▶ Instructions for the task: For this exercise, return only the lines in the records below from the one holding "ピアス ステンレス 金属アレルギー" through the one holding "Enterprise account URL", including both, exactly as they appear and without pictures.

*** Opening of Study material ***

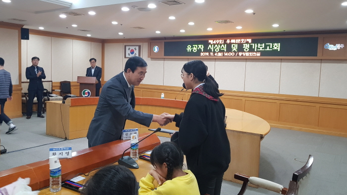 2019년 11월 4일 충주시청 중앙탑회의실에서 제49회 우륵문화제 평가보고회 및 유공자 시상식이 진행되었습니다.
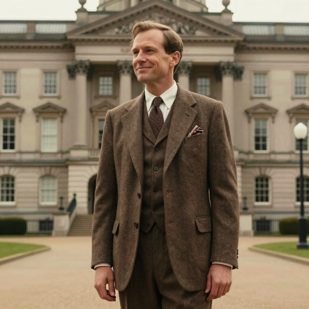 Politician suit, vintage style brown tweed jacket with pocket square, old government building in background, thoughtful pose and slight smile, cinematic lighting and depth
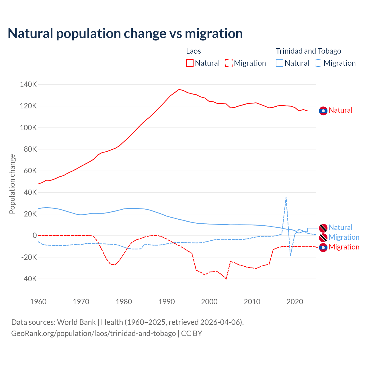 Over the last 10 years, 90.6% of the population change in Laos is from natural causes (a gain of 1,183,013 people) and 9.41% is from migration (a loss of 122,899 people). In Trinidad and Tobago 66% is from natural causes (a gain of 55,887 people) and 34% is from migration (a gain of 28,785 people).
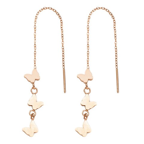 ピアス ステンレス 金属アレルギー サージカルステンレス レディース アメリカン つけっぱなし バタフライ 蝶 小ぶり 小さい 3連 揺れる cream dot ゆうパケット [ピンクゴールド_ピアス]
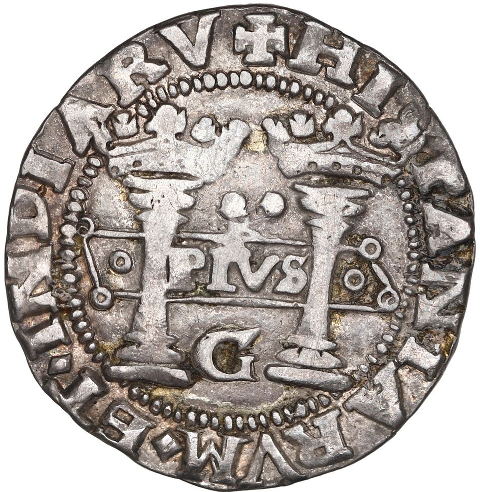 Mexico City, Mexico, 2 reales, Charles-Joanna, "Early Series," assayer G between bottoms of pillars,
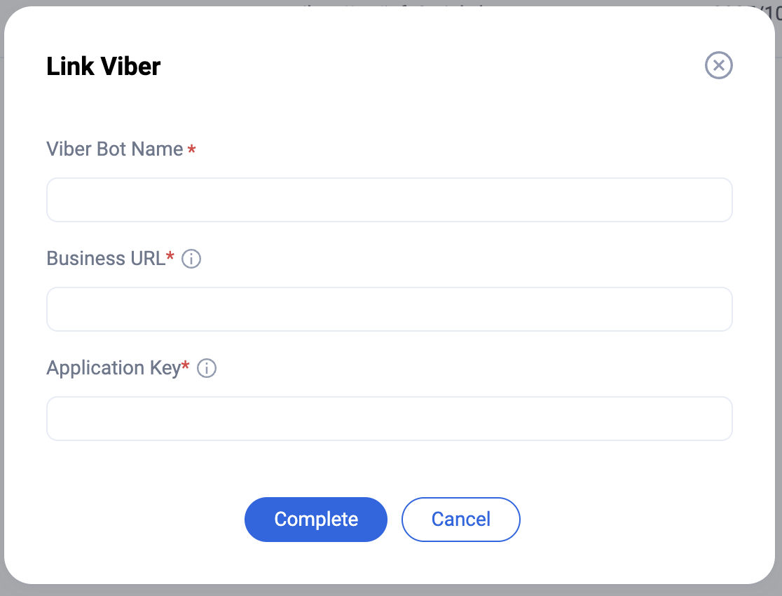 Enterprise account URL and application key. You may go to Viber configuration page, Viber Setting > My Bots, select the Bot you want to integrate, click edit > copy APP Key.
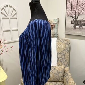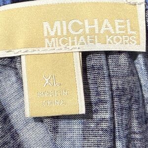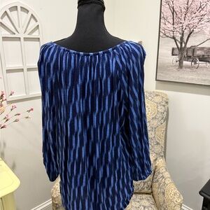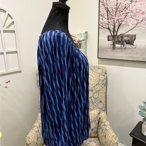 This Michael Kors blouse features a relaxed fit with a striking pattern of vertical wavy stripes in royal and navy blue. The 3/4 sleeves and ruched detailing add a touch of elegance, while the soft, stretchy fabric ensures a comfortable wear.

*** Close of Study material ***

▶ Expected answer:
 ピアス ステンレス 金属アレルギー サージカルステンレス レディース アメリカン つけっぱなし バタフライ 蝶 小ぶり 小さい 3連 揺れる cream dot ゆうパケット [ピンクゴールド_ピアス]
 Mexico City, Mexico, 2 reales, Charles-Joanna, "Early Series," assayer G between bottoms of pillars,
 Enterprise account URL and application key. You may go to Viber configuration page, Viber Setting > My Bots, select the Bot you want to integrate, click edit > copy APP Key.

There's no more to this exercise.